Black Pearls - Louise Hawes [41]
She laughed nervously. "I am afraid I shall never be a stay-abed princess. I was up with the birds, and your mother was kind enough to send for me." She withdrew further behind the queen, deferential and shy, but her eyes swam with secret, hidden delight.
"Well, now that you are abroad," my mother announced, "your new bride is at your disposal. All that remains is to secure her Parisian look with a pin or two. Then she will join you in the garden." She moved forward, forcing me to step backwards out of the room. "Surely," she said, smiling at the women around her, "a prince's passions can be reined for fashion's sake." She nodded at one of the women who reached for the door. "And French fashion at that!" As they were shut away from me, I heard the laughter start up again and saw my princess giggling with the rest, one hand raised delicately to hide her mouth.
She spent most of that day with the queen. She stole back to me between her lessons in royalty, rushing to share each fresh marvel, each trinket or mannerism that removed her further and further from the sweet openness with which I had fallen in love. When dinner was over and night pried her from my mother's side, I proposed a different sort of lesson.
"Let us ride tomorrow, just the two of us," I said. "I know a stream that will take us far from courtly courtesies and gossip. A place made for whispers and long embraces."
"Oh, no, we cannot," she told me, alarmed. "We must not. Your mother has arranged for three of her finest seamstresses to fit me tomorrow. Besides, why on earth would we want to leave the castle?" Her question stung only a little, a tiny prick like a spring bumblebee's. "Who would ever want to leave such happiness?"
"My love, your heart and not your eyes should tell you where happiness lies." I took her in my arms, remembering the night we had met, the way she had laughed without affectation, had looked at me with the steady, direct gaze of a child. "Surely you know that gowns and perfumed lace conceal and deceive? Sweep them away, toss them aside, and there is truth."
She pulled back from me, her sparkle turned hard. "'Sweep them away'?" Her lips pursed as if she had tasted something bitter beyond words. "'Toss them aside'? Who are you to preach simplicity? I have done without your sweet deceptions my whole life, while you were playing at draughts and bending your knee to nothing more demanding than a dance tune!"
"My dear bride," I told her. "My mother is full of beguilements, but you must—"

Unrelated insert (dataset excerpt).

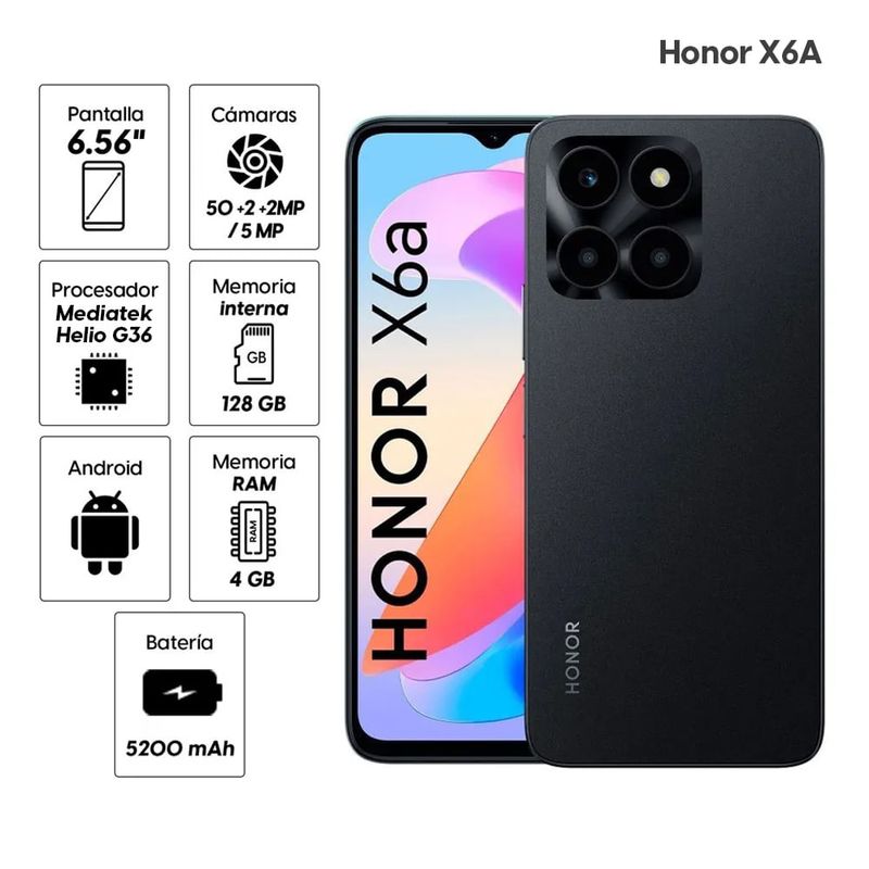 Diseñado en color negro y con batería de larga duración, el Honor X6a combina potencia, estilo y funcionalidad. Es el smartphone ideal para quienes buscan un dispositivo moderno, eficiente y con gran capacidad de almacenamiento.

"I dreamt of your despised courtesies while I lived a life of truth and ashes. Your gowns and your gossip kept me alive and warm with desire." She walked to the window, pulled back the curtain, and stared at the garden, frosted with moonlight. "Sweep them away? I would sooner die!"
Her back was as straight and narrow as a flame. From the bed, I spoke to that small, imperious spine. "Can you not see what the queen is doing?" I asked. "She wants to mold you, change you." Impossibly, her back grew straighter still. "She wants to put out your spark, to leave you cold and false. My love, you are to be a mirror in which she sees herself."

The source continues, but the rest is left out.